━━━ TASK INPUTS

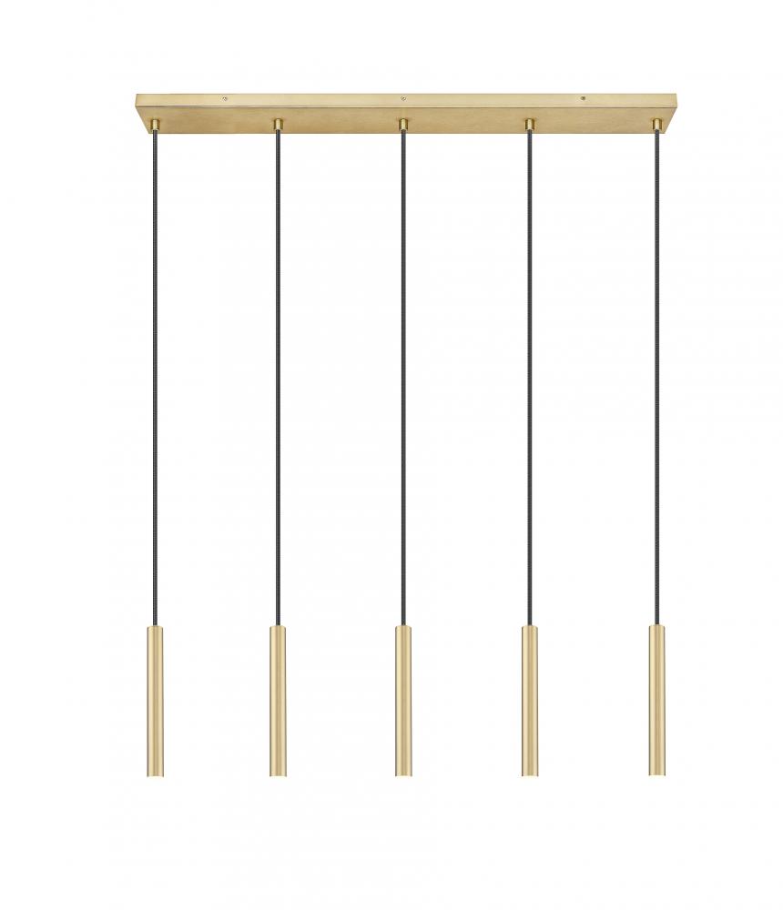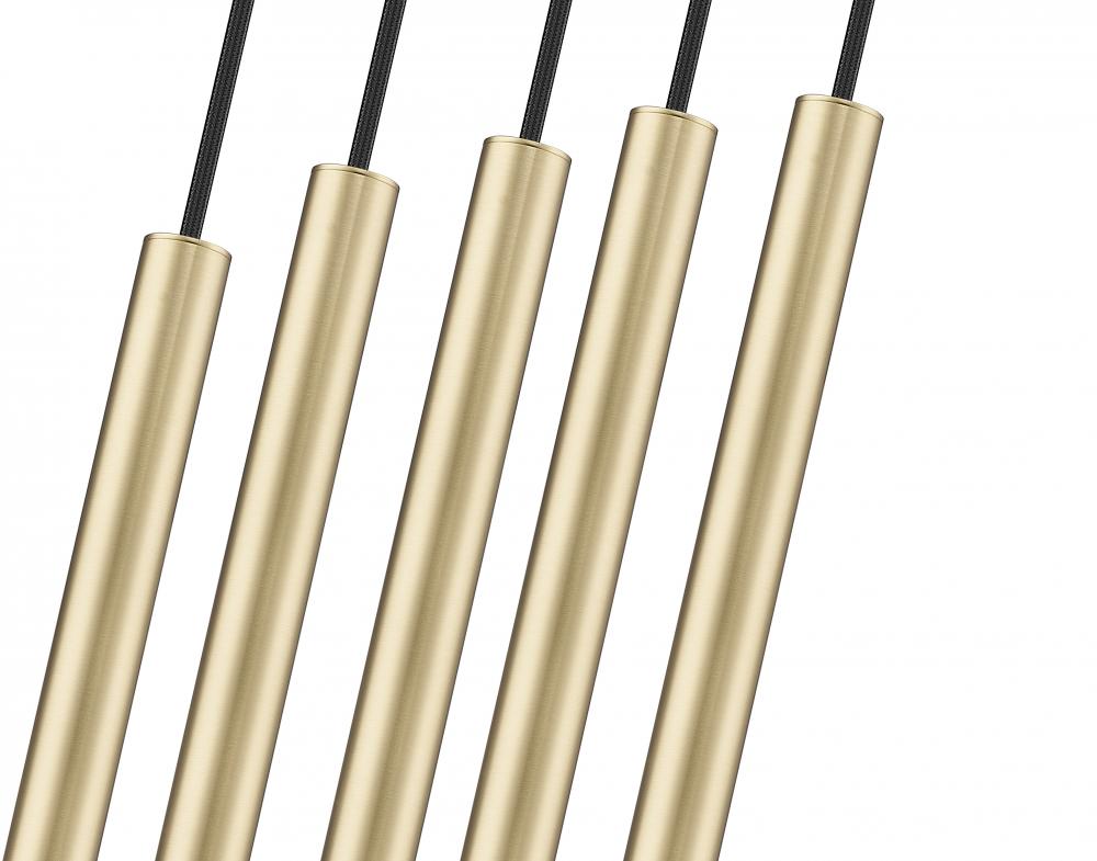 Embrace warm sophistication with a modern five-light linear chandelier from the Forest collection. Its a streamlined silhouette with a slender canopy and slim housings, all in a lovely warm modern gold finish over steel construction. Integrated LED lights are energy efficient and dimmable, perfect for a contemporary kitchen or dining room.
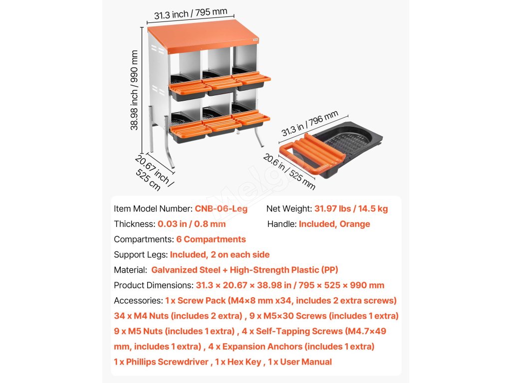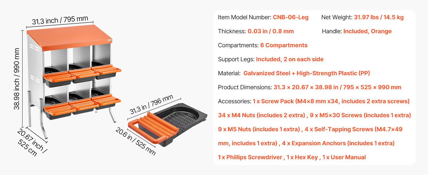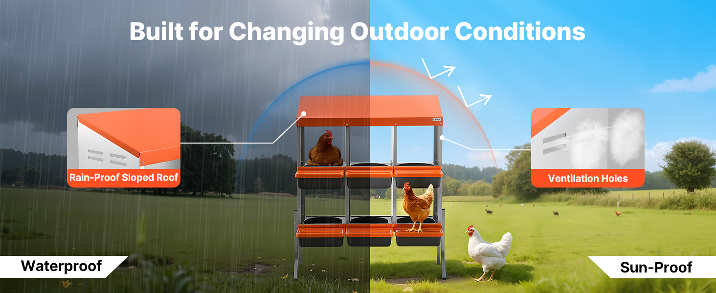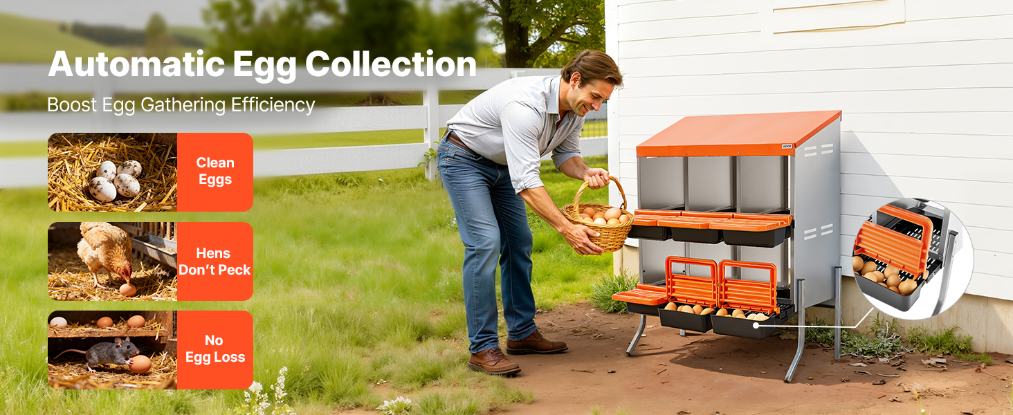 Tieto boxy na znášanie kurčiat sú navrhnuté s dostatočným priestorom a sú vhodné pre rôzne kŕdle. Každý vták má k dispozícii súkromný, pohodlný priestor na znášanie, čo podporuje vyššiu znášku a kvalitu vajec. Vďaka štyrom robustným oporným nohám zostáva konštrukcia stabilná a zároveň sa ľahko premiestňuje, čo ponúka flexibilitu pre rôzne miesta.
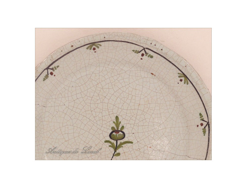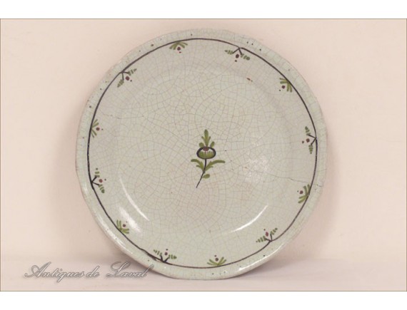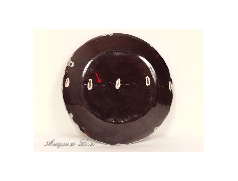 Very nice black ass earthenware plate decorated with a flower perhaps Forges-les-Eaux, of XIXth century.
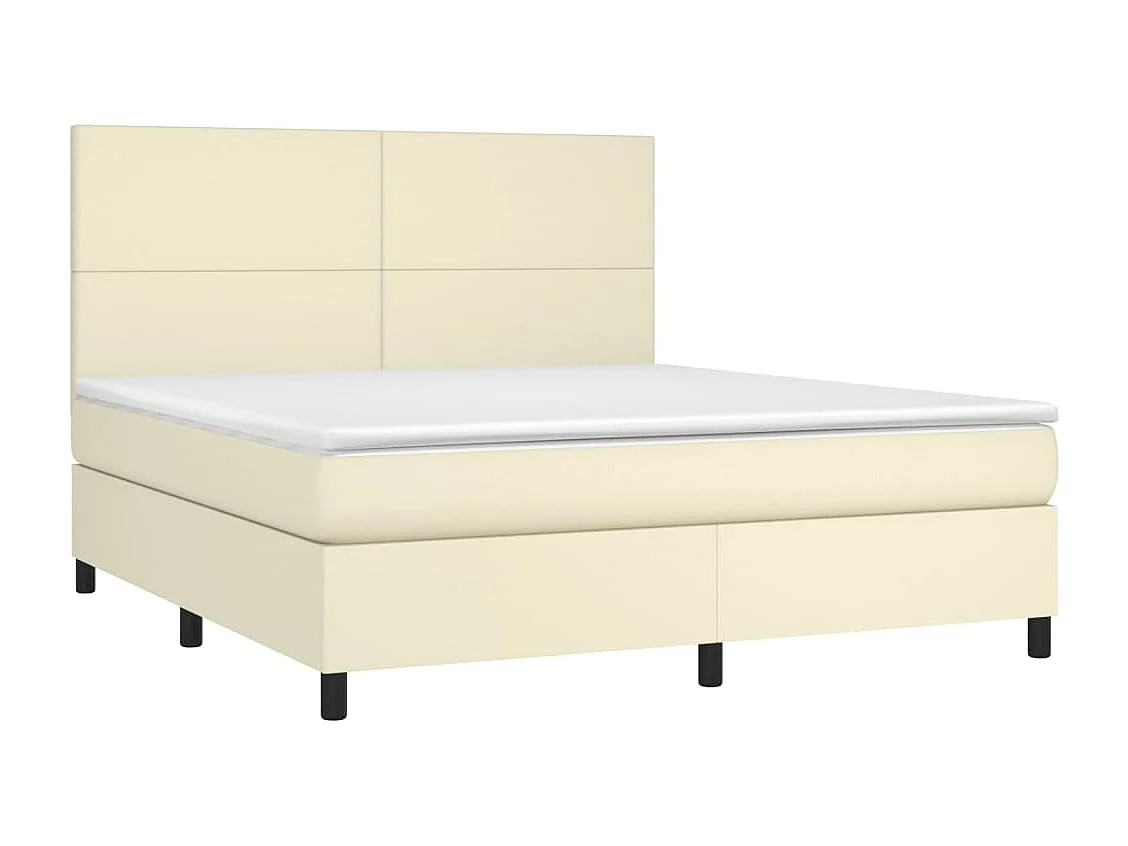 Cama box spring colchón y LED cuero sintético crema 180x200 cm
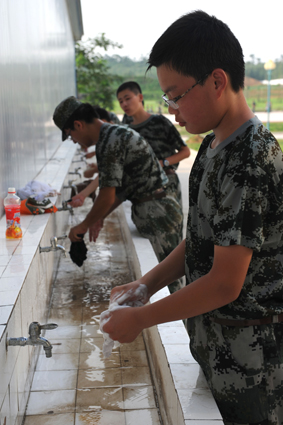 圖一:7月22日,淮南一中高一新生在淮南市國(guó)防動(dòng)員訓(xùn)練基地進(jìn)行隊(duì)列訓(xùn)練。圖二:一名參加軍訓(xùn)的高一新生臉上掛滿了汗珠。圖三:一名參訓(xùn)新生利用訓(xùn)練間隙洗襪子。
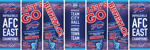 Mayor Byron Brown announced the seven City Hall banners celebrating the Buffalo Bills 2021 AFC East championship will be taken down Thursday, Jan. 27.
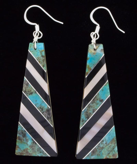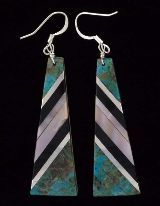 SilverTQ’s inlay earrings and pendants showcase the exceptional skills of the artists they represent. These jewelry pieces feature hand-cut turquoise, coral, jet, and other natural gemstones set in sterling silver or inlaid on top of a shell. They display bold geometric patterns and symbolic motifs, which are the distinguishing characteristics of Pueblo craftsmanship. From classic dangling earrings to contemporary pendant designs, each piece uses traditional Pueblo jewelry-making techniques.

━━━━━━

◆ ASSIGNMENT ◆
Beginning with the line holding "Very nice black", copy each line exactly through the end of the records above, and leave every picture out.

◆ WRITTEN SOLUTION ◆
 Very nice black ass earthenware plate decorated with a flower perhaps Forges-les-Eaux, of XIXth century.
 Cama box spring colchón y LED cuero sintético crema 180x200 cm
 圖一:7月22日,淮南一中高一新生在淮南市國(guó)防動(dòng)員訓(xùn)練基地進(jìn)行隊(duì)列訓(xùn)練。圖二:一名參加軍訓(xùn)的高一新生臉上掛滿了汗珠。圖三:一名參訓(xùn)新生利用訓(xùn)練間隙洗襪子。
 Mayor Byron Brown announced the seven City Hall banners celebrating the Buffalo Bills 2021 AFC East championship will be taken down Thursday, Jan. 27.
 SilverTQ’s inlay earrings and pendants showcase the exceptional skills of the artists they represent. These jewelry pieces feature hand-cut turquoise, coral, jet, and other natural gemstones set in sterling silver or inlaid on top of a shell. They display bold geometric patterns and symbolic motifs, which are the distinguishing characteristics of Pueblo craftsmanship. From classic dangling earrings to contemporary pendant designs, each piece uses traditional Pueblo jewelry-making techniques.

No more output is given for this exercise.